Is the World Bank’s policy advice really contrary to the South African government’s approach? Two very important policy initiatives will give us the answer. First, we will have to wait to see what happens to the National Spatial Development Perspective (NSDP), which was the ANC’s macro-investment strategy in the era of Thabo Mbeki. This strategy almost precisely mirrors the World Bank’s current prescriptions, in focusing public investment in 26 identified areas of economic concentration across the country. Unsurprisingly, all are urban nodes. Those members of the population who happen to live outside these nodes will be provided (theoretically speaking, of course) with skills development to enable them to move to areas of economic activity. This is based on the rather far-fetched assumption that the urban areas will generate employment at a fast enough pace to absorb job seekers. Those who cannot or will not move will be offered basic welfare support but no more. We can only hope that this strategy will fall by the wayside in the new administration.
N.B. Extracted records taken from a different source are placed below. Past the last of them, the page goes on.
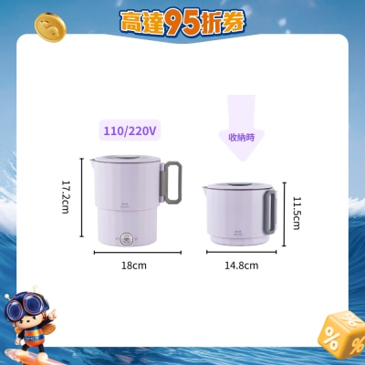 110V/220V dual voltage design for worldwide use/Ultra-compact foldable storage design/Smart Boiling & Keep Warm: Auto-stops when water boils, switches to keep-warm mode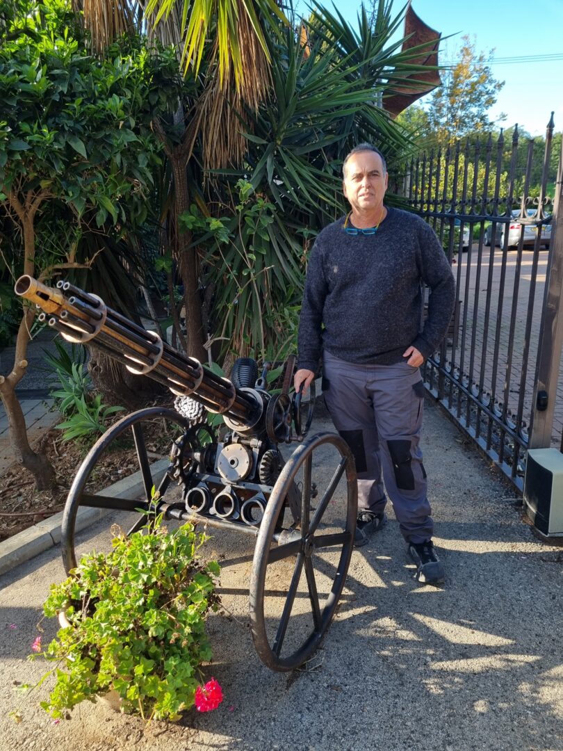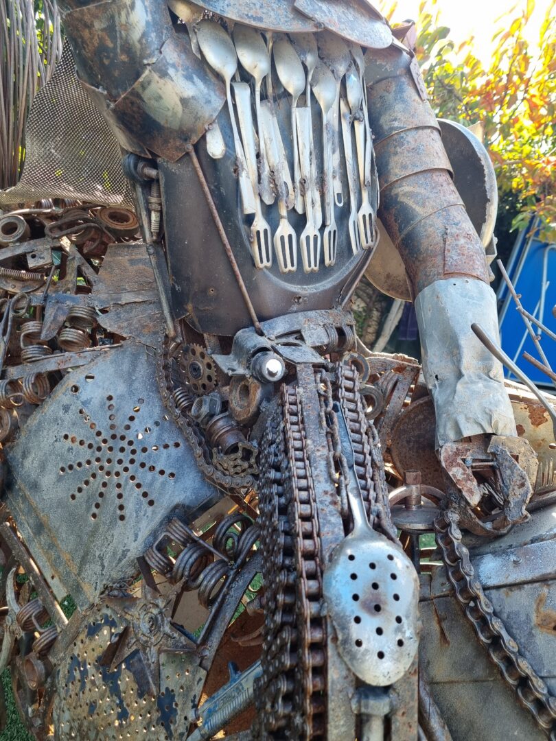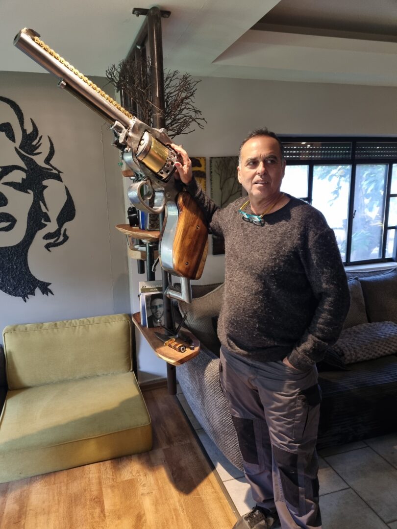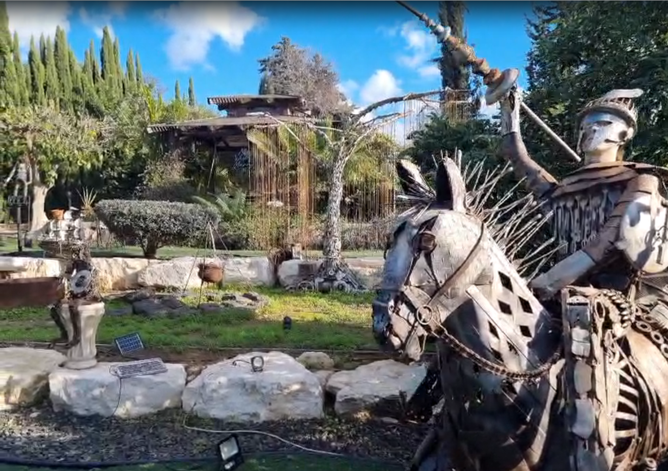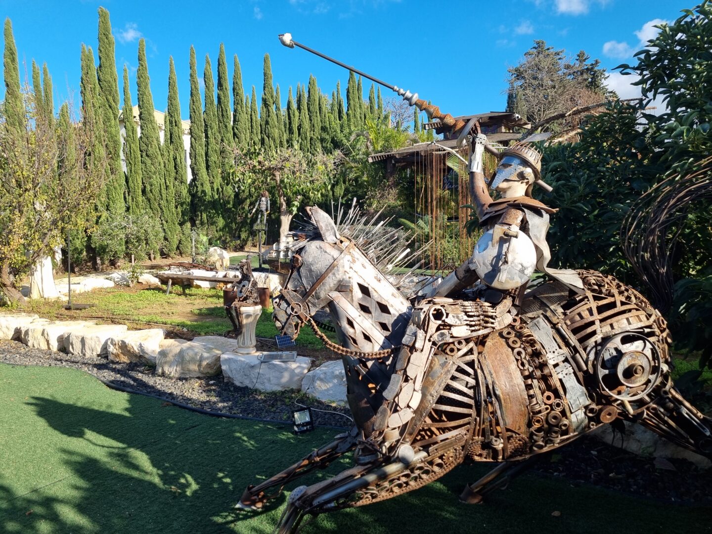 אמיר בן עזרא, אמן ואוטודידקט רב־תחומי, בורא דמויות ופסלים מחלקי גרוטאות: גלגלי אופניים, הגה של מכונית, ברזים, מזלגות וכפיות – כולם זוכים לחיים חדשים בתוך פסל ענק של דון קישוט הרכוב על סוסו. ככל שמתקרבים, מתגלה המורכבות: אין כאן קישוט מקרי, אלא מלאכת מחשבת של חיבור, איזון ודמיון.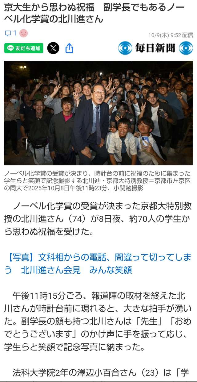 ノーベル化学賞受賞の北川さんが学生から祝福、揮毫(きごう) [写真特集4/10] | 毎日新聞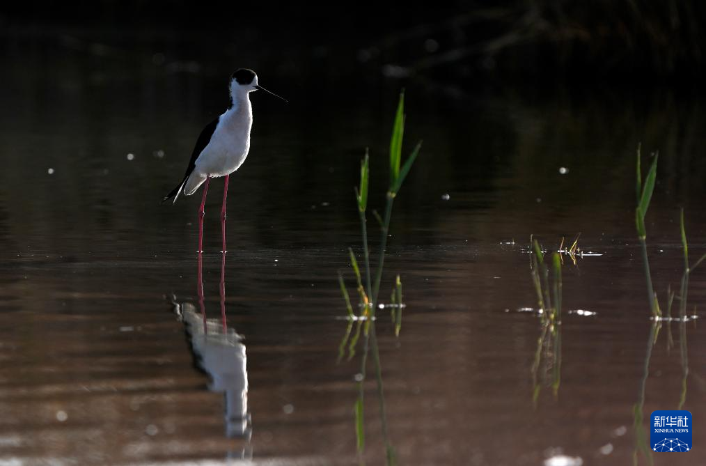 4月18日,一只黑翅长脚鹬在沙湖水域中觅食。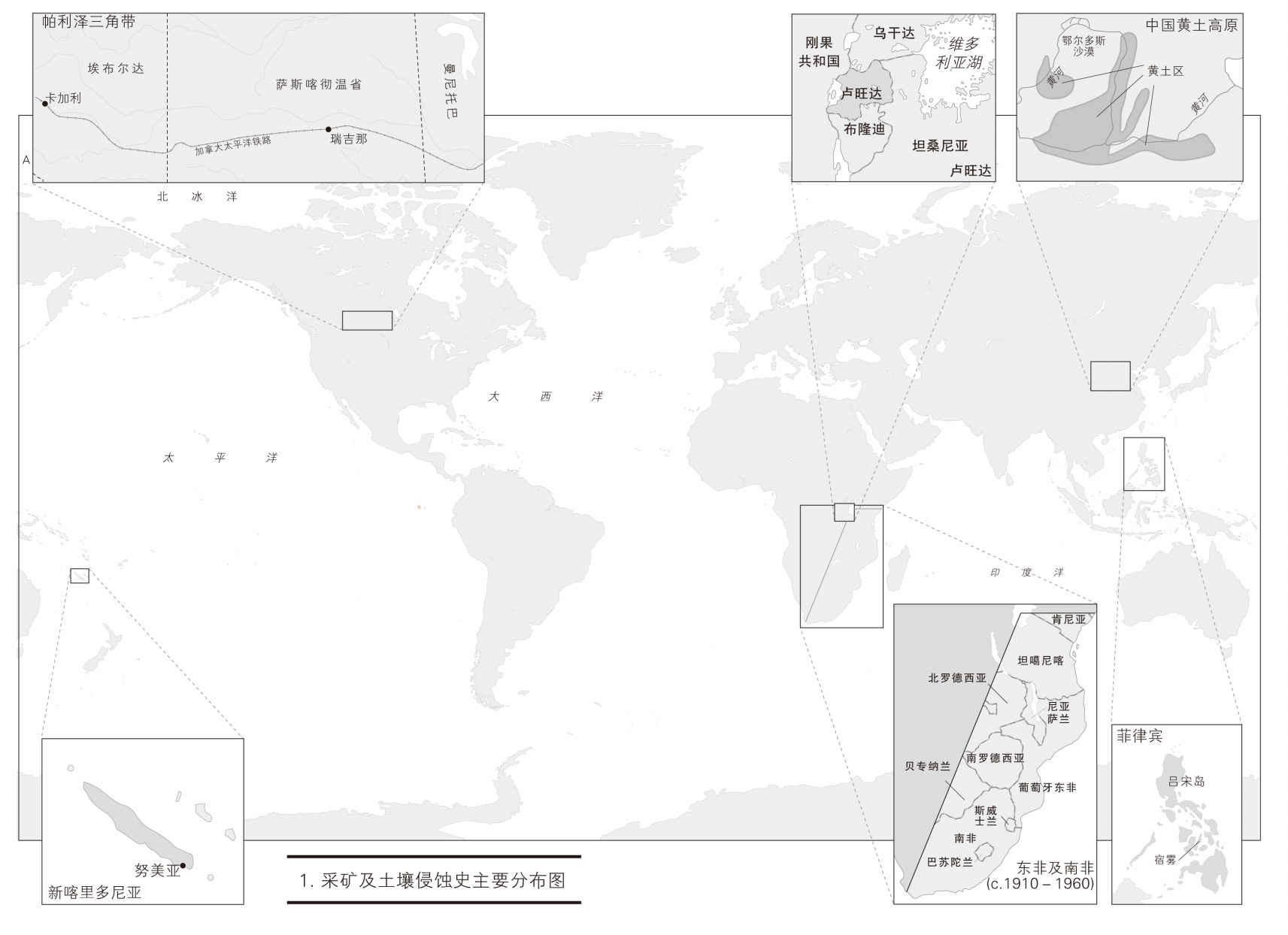 新喀里多尼亚开采镍矿的历史,是改变地球岩石圈后造成环境退化与社会瓦解的一个极端案例。如果矿区位于法国本土,情况可能大不相同。但1880年后帝国主义与工业化盛行,全球有越来越多的采矿活动选在限制较少且执法不彰的地区进行。美拉尼西亚其他大型矿区也发生类似事件:(1960年后)巴布亚新几内亚的布干维尔(Bougainville)潘古纳(Panguna)矿区,(1980年后)新几内亚的奥克泰迪矿区(Ok Tedi),以及(1980年后)伊利安查亚(Irian Jaya)自由港(Freeport)矿区。[26]类似新喀里多尼亚的例子,还发生在智利、澳大利亚、赞比亚、西伯利亚、美国犹他州等地。[27]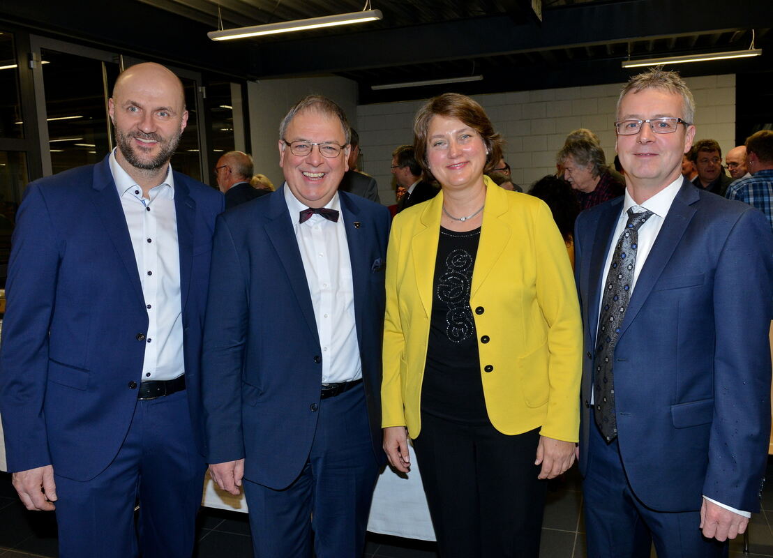 Die »Promis« beim Neujahrsempfang des Gewerbevereins in Walddorfhäslach: (von links) Michael Necker, der Vorsitzende des Gewerbevereins, der Reutlinger OB Thomas Keck, Walddorfhäslachs Bürgermeisterin Silke Höflinger und Jochen Tribusser, stellvertretender Vorsitzender des Gewerbevereins.
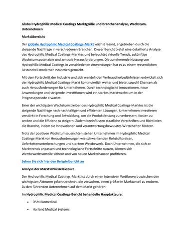 Global Hydrophilic Medical Coatings Marktgröße und Branchenanalyse, Wachstum, Unternehmen

For that to happen, major existing strategic frameworks at provincial, metro and local levels will need to be unravelled and redone.
Second, we will have to wait and see (since government tends to disdain input from the mere citizenry) whether all the talk about a rural development strategy will actually materialise into some kind of coherent vision and plan, and how it will relate to the urbanisation dynamic. From the dribs and drabs emerging out of government so far, the chances do not look promising. At this stage, talk of an “ambitious rural development plan” is going a bit far. Yet the opportunity precisely for the government to go against the disastrous ‘mainstream approaches’ of the World Bank is present. Whether government can carry the process through to its logical conclusion remains to be seen.